40 years ago apps were sold on floppy disks. 30 years ago they were sold on CD-ROMs. 20 years ago, DVDs.

Online-only apps are a recent thing. A privacy respecting app store certainly can be a thing. Apps being blocked or banned from stores for choosing to not respect your privacy is a good thing.






>Online-only apps are a recent thing. A privacy respecting app store certainly can be a thing.

I'm not sure you're trying say. I specifically acknowledged the existence of f-droid as a "privacy respecting app store" in the quoted comment.

>Apps choosing to not respect your privacy, and being blocked or banned from stores, is a good thing.
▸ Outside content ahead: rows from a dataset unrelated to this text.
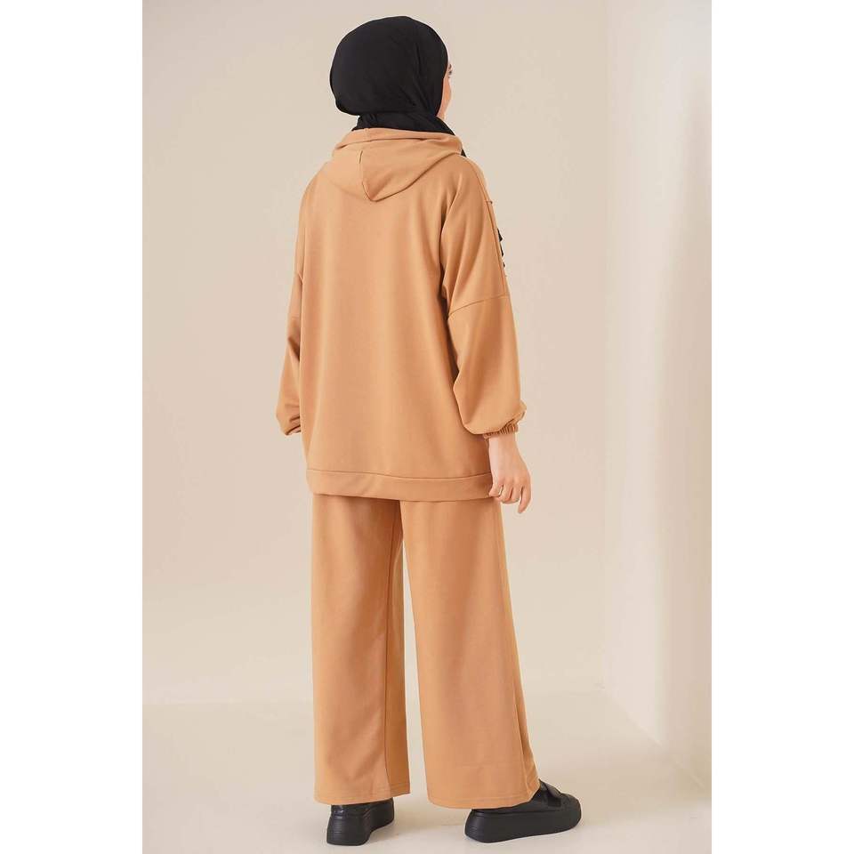 Equilibrio Carta Bordado Con Capucha Camel 2 Piezas Set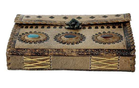 Vintage Genuine Leather Journal Notebook Sketch Books Three-Studded Gem Stone Latch Deckle Edge Thread Sewing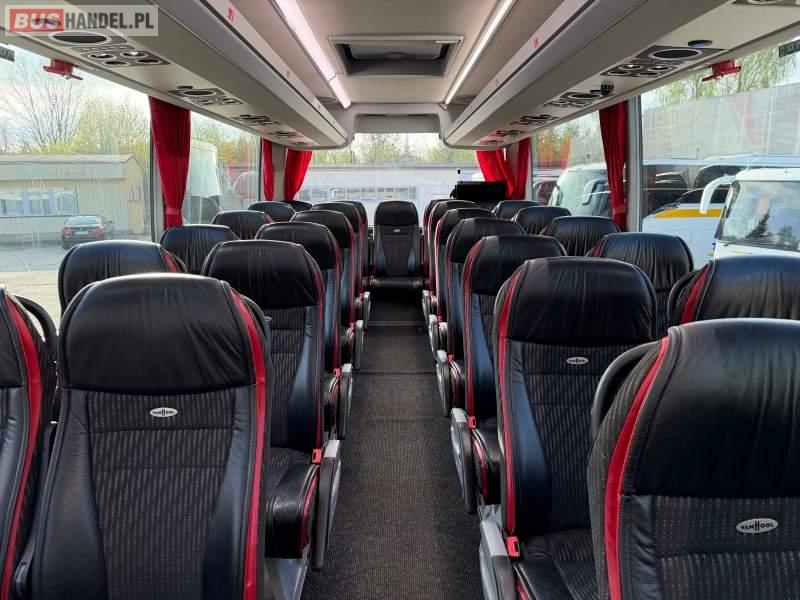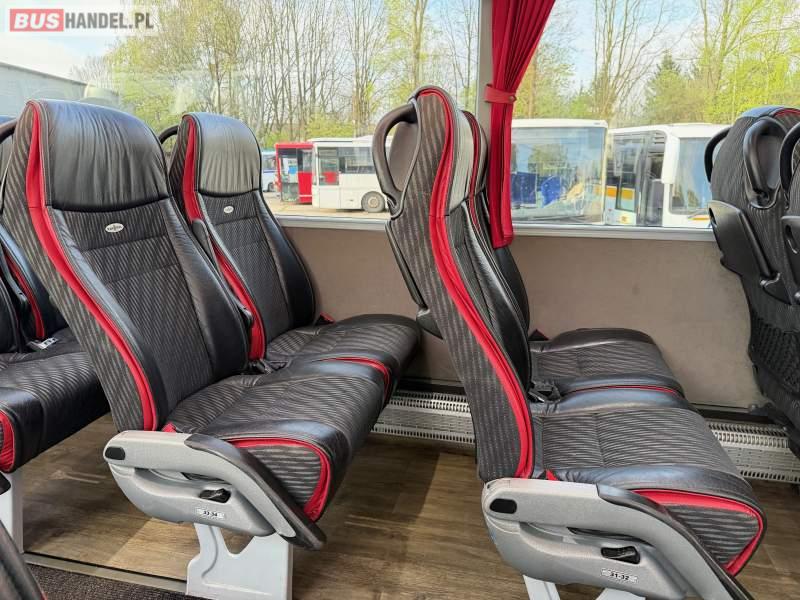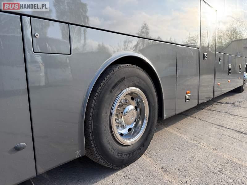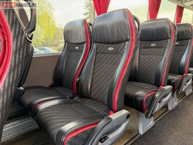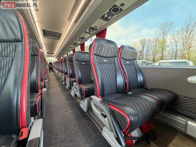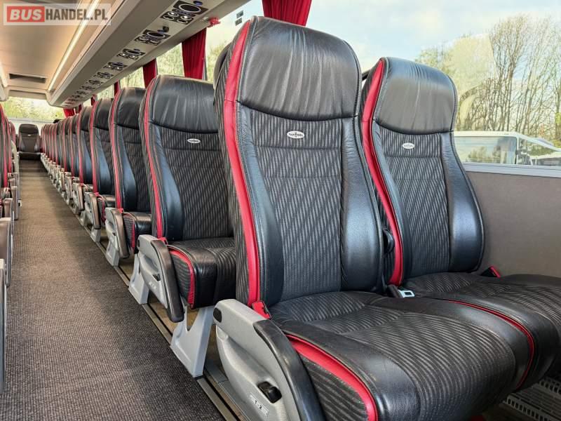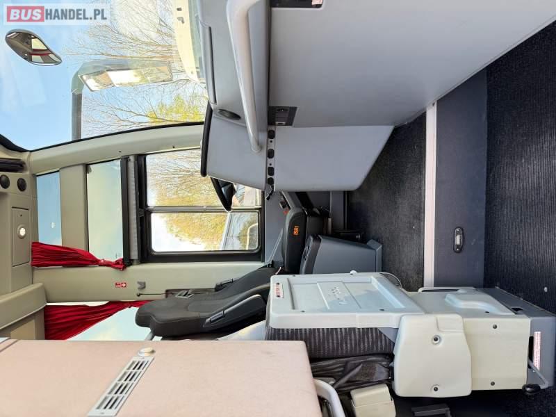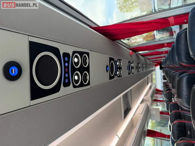: video, WC, lodówka, kabina sypialna, fotele odchylane, oświetlenie indywidualne, nawiewy dyszowe, siateczki, ABS, ASR, tempomat, retarder, podnóżki, stoliczki, mikrofon, klimatyzacja, regulacja wysokości nadwozia, podwójne szyby boczne, wspomaganie kierownicy, elektryczne lusterka, ogrzewanie stacjonarne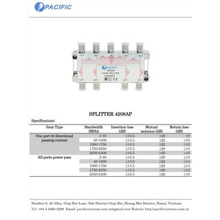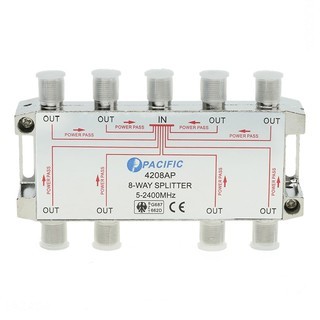 Bộ chia truyền hình cáp PACIFIC 1 Ra 8 Tivi - 4208APChia tín hiệu truyền hình cáp thường (Analog) và truyền hình cáp KTS HDTV, KTS SDTV, Bộ chia tín hiệu cao tần 5-2400 MHZ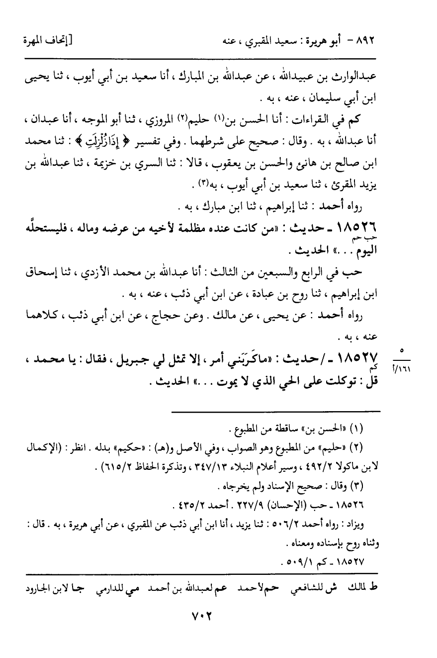 18526 - حديث (حب حم) : "من كانت عنده مظلمة لأخيه من عرضه وماله، فليستحله اليوم ... " الحديث.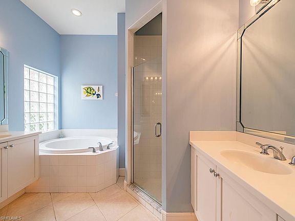 H.14533 Imagine the feeling of a gentle ocean breeze when you enter this bright and airy contemporary "Coastal"decorated home. The custom white quartz kitchen counter opens to the spacious living room area. Floors are tiled plus beautiful wood floors in all three bedrooms. There is also hurricane protection. A water view can be seen from the poolside which has a Northern exposure. Fountainhead is Vineyards very popular and friendly community of 70 single villa homes. There are minutes to Vanderbilt beach, the shops and restaurants at Mercado and easy access to Southwest Regional Airport. Vineyards Country Club offers a number of various memberships.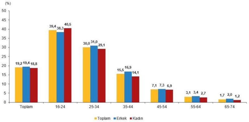 Yapay zeka kullanma oranı yaş grubuna göre analiz edildiğinde ise, en fazla %39,4 ile 16-24 yaş grubunda yer alan bireylerin yapay zeka kullandığı, bunu %30,0 ile 25-34 yaş grubunun, %15,5 ile 35-44 yaş grubunun takip ettiği saptandı.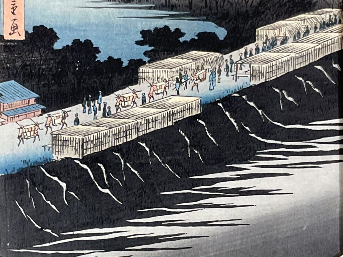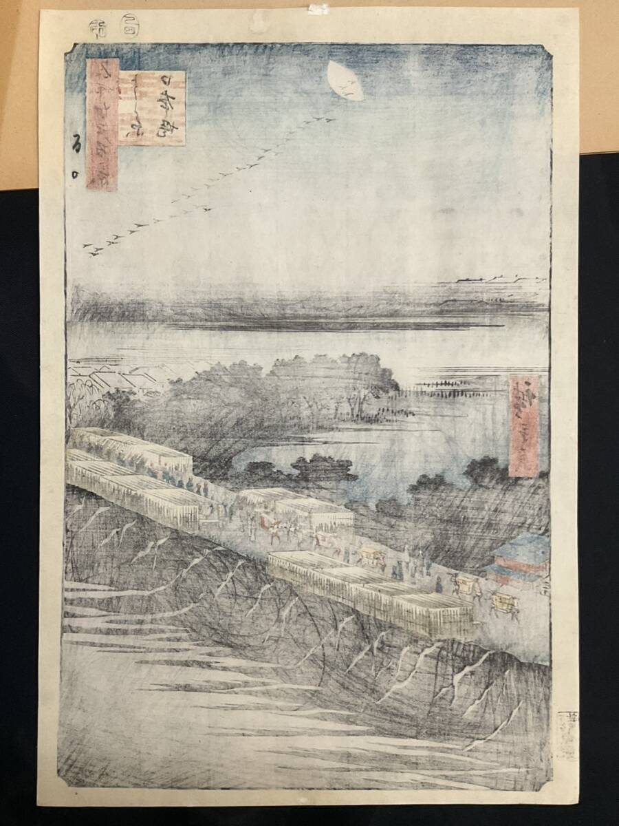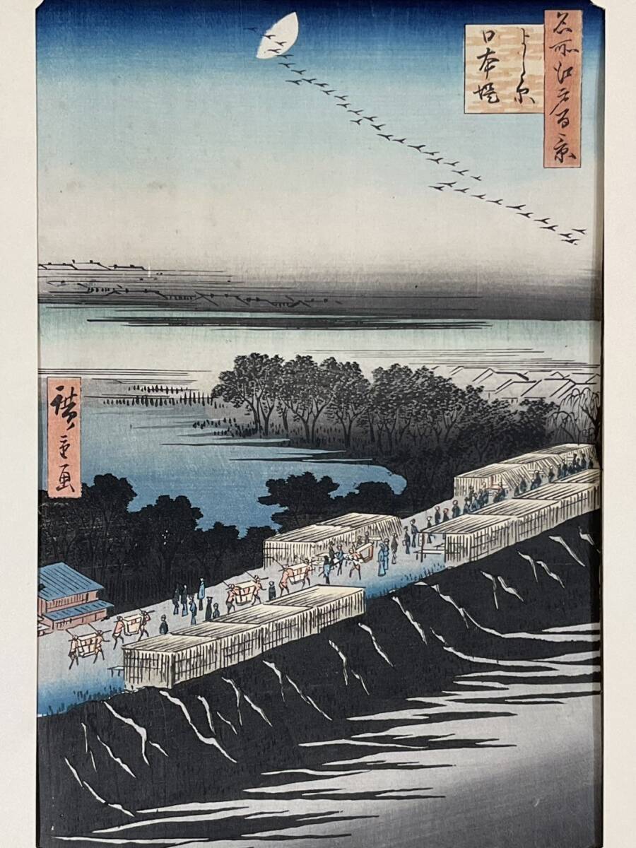 真作■木版画■歌川広重「名所江戸百景 よし原日本堤」■ORIGINAL WOODBLOCK PRINT ■本物 浮世絵 大判 錦絵 ■1c の出品となります。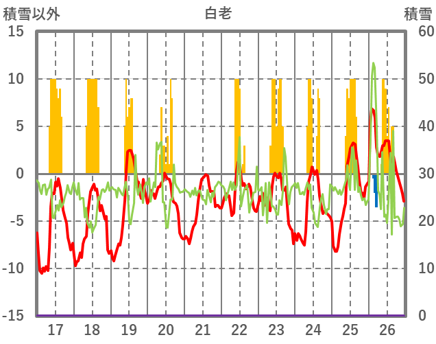 | 日 | 時 | 気温 | 降水 | 風向/風速 | 日照 | 積雪 | 降雪 |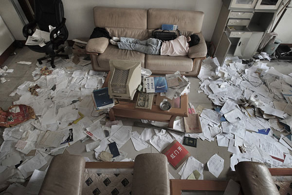 2008年10月14日,一位催討債務(wù)的男子在江龍集團(tuán)銷售辦公室睡覺。受全球金融海嘯影響,國內(nèi)最大的印染企業(yè)江龍集團(tuán)資金鏈斷裂,企業(yè)老板出逃,大批債權(quán)人來到集團(tuán)總部討債。作者:傅擁軍 中國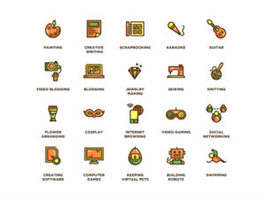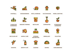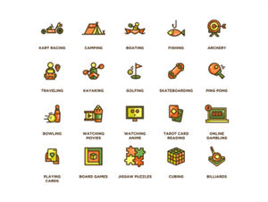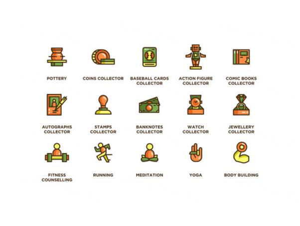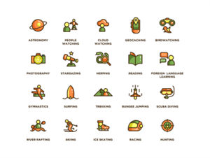 图穷联素材库 » 104个时尚个人爱好山脉徒步旅行阅读咖啡矢量图标集Hobby Icons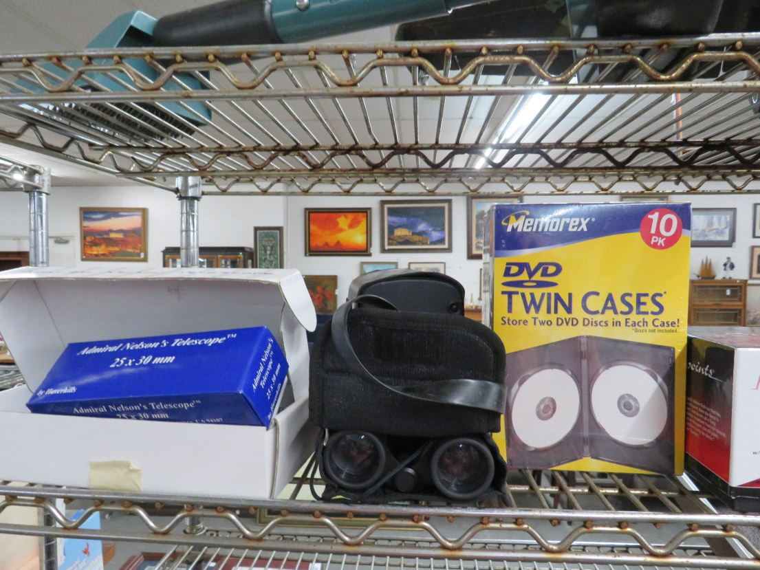 Surge Protector, Admiral Telescope, DVD Discs, Binoculars

"a good thing" doesn't mean much when most people haven't even heard of your app store, and are missing out on all the popular apps that people want. Idealism doesn't mean much when nobody is using it. Apple might not be the paragon of privacy, but they had a greater impact on user privacy than f-droid ever will. To reiterate OP's point: what's the point of having a perfectly private OS and app store, when there's no apps for it, and your normie friends/relatives are going to sell you out anyways by uploading their entire contact list and photos (both with you in it) to google and meta?


> [Apple] had a greater impact on user privacy than f-droid ever will.

Sorry, that's nonsensical, unless you mean a negative impact. Apple's privacy is pretend only, as this article makes quite clear.


Then there wouldn't be any free ones.